Design of Computer Experiments

The main topic of this thesis is design and analysis of computer and simulation experiments and is dealt with in six papers and a summary report. Simulation and computer models have in recent years received increasingly more attention due to their increasing complexity and usability. Software packages make the development of rather complicated computer models using predefined building blocks possible.

This implies that the range of phenomenas that are analyzed by means of a computer model has expanded significantly. As the complexity grows so does the need for efficient experimental designs and analysis methods, since the complex computer models often are expensive to use in terms of computer time.

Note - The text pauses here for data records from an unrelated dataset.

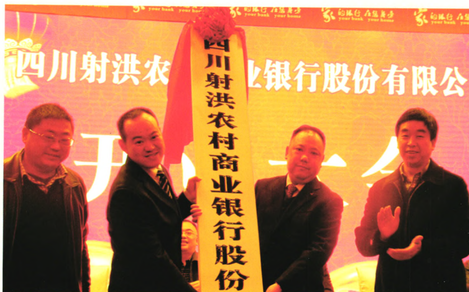
射洪农商银行开业。

四川射洪农村商业银行股份有限公司（简称“射洪农商银行”）是在有着62年历史的原射洪县农村信用合作联社基础上转型升级成立的现代商业银行。2015年12月4日，射洪农商银行正式挂牌开业。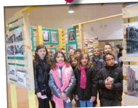
Du 10 au 14 mai: Plus d'un millier de visiteurs à l'exposition initiée par le Collectif « 14 Mémoire Vive », « La Vie quotidienne d'avant »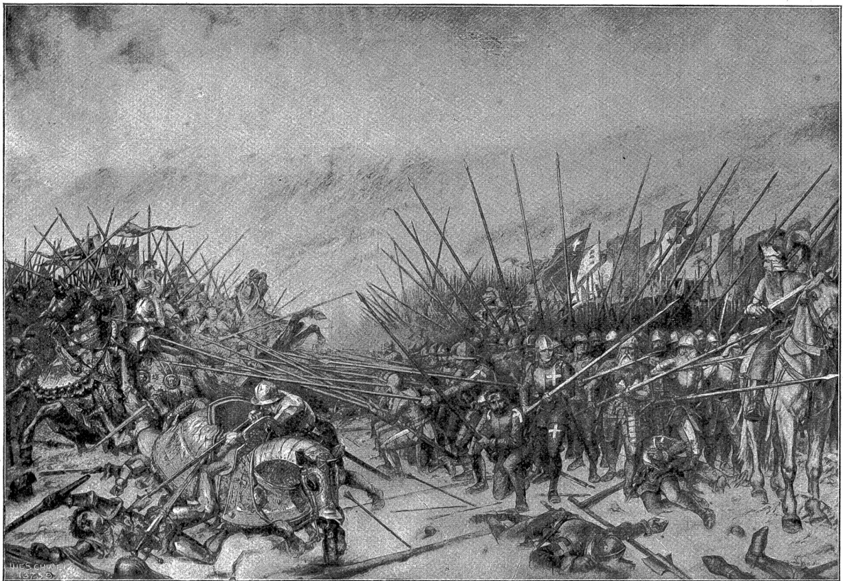
Internationales Kriegs- und Friedensmuseum, Luzern: Schlacht bei Grandson, Gemälde von R. Fauslin.

Vene merkte, daß das, was sie sich seit dem Frühling zusammengekommen hatte, ihr wie Wasser aus der Hand glitt, und jedesmal, wenn ihre Befürchtungen wieder neue Nahrung erhielten, zuckte es ihr in den Armen, das flüchtige Glück zu fassen und mit aller Kraft zu halten. Manchmal aber stieg ein sträflicher Gedanke in ihr auf: „Möchte er doch sterben, er oder ich! Dürfte ich ihn doch umbringen, ihn oder mich!“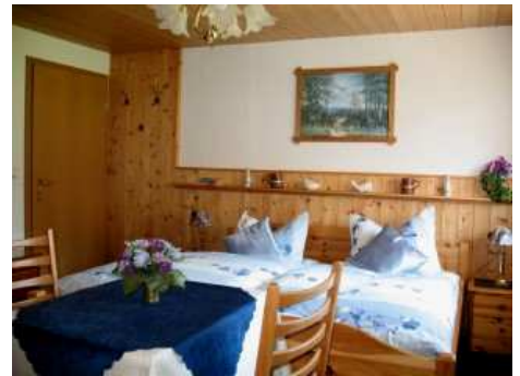
Sitzgruppe im zusätzl. Schlafzimmer

FeWo-Kombi : Bei Belegung der FeWo mit 3-4 Personen kann ein separates Doppelzimmer mit Dusche und WC (NR-Zi.) im OG für ältere Kinder, Verwandte, Bekannte oder Freunde bei zeitgleicher Aufenthaltsdauer zugebucht werden. Maximalbelegung FeWo-Kombi (inkl. zusätzl. Doppelzimmer): 8 Personen.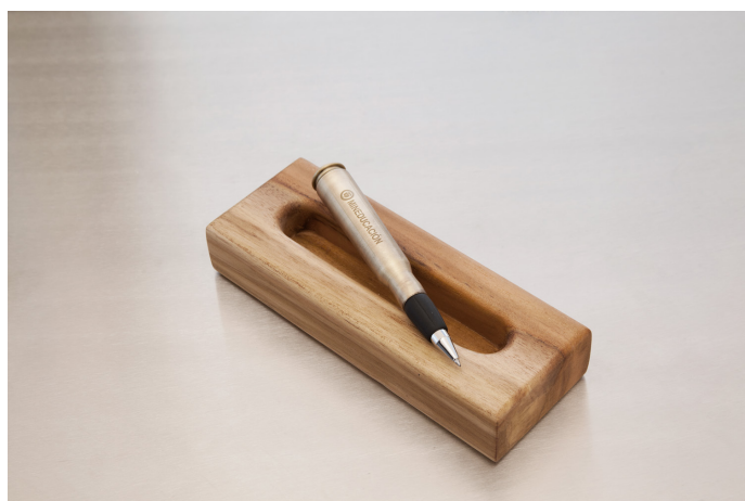
Figura 1: El Balígrafo

Las balas fueron transformadas en bolígrafos (Figura 1) y entregados por el Ministerio de Educación, como correo directo, a 500 periodistas, escritores y personas influyentes, no solo en Colombia sino en toda de la región y el mundo.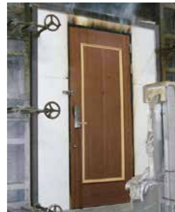
特定防火設備認定遮炎性能試験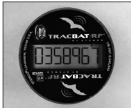
La modalidad LIFE muestra el kilometraje sin decimales.

El TracBAT PRO esta equipado con 3 modos de pantalla dependiendo si la función de VIAJE ha sido programada. VIDA, VIAJE (si de programa), y REV. Para cambiar de una pantalla a otra use la palma de su mano y cubra la burbuja en la cara de la unidad por 1 segundo, y después descúbrala. Si la unidad esta bajo la luz solar, la unidad debe de ser totalmente cubierta con su mano para evitar que la luz llegue al sensor. La función de VIAJE será desplegada con resolución tenue y es indicada con el icono de VIAJE (solo si la unidad fue programada con esa función). Para resetear la función de VIAJE, cambie los modos de VIDA, VIAJE y REV en 5 ocasiones rápidamente. Nota: La unidad no debe ser cambiada entre una función y otra más rápido que 1.5 segundos. Para ver las revoluciones simplemente repita el proceso que es utilizado para ver la función de viaje hasta que la unidad muestre (REV XXX). Las XXX es el número de revoluciones por milla o kilómetro para el cual la unidad ha sido programada. En unidades sin la función de VIAJE, solo hay dos modalidades de pantalla. Todos los demás tienen tres modalidades de pantalla (VIDA, VIAJE, y REV). El kilometraje aparecerá en el TracBAT después de 10 segundos.

The choice of performance parameter is an important part of the analysis of computer and simulation models and Paper A introduces a new statistic for waiting times in health care units. The statistic is a measure of the extent of long waiting times, which are known both to be the most bothersome and to have the greatest impact on patient satisfaction.

A simulation model for an orthopedic surgical unit at a hospital illustrates the benefits of using the measure. Another important consideration in connection to simulation models is the design of experiments, which is the decision of which of the possible configurations of the simulation model that should be tested.

Since the possible configurations are numerous and the time to test a single configuration may take minutes or hours of computer time, the number of configurations that can be tested is limited. Papers B and C introduce a novel experimental plan for simulation models having two types of input factors.

The plan differentiates between factors that can be controlled in both the simulation model and the physical system and factors that are only controllable in the simulation model but simply observed in the physical system. Factors that only are controllable in the simulation model are called uncontrollable factors and they correspond to the environmental factors in fluencing the physical system.

Applying the experimental framework on the simulation model in Paper A shows that the effects of changes in the uncontrollable factors are better understood with the proposed design compared to the alternative and commonly used methods. In papers D and E a modeling framework for analyzing simulation models with multiple noise sources is presented.

It is shown that the sources of variation of the simulation model can be divided in two components corresponding to changes in the environmental factors (the uncontrollable factor settings) and to random variation. Moreover, the structure of the environmental effects can be estimated, which can be used to put the system in a more robust operating mode.

The interpolation technique called Kriging is the topic of Paper F, which is a widely applied technique for building so called models-for-the-model (metamodels). We propose a method that handles both qualitative and quantitative factors, which is not covered by the standard model. Fitting the final Kriging model is done in two stages each based on fitting regular Kriging models.

It is shown that this method works well on a realistic example such as a simulation model for a surgical unit.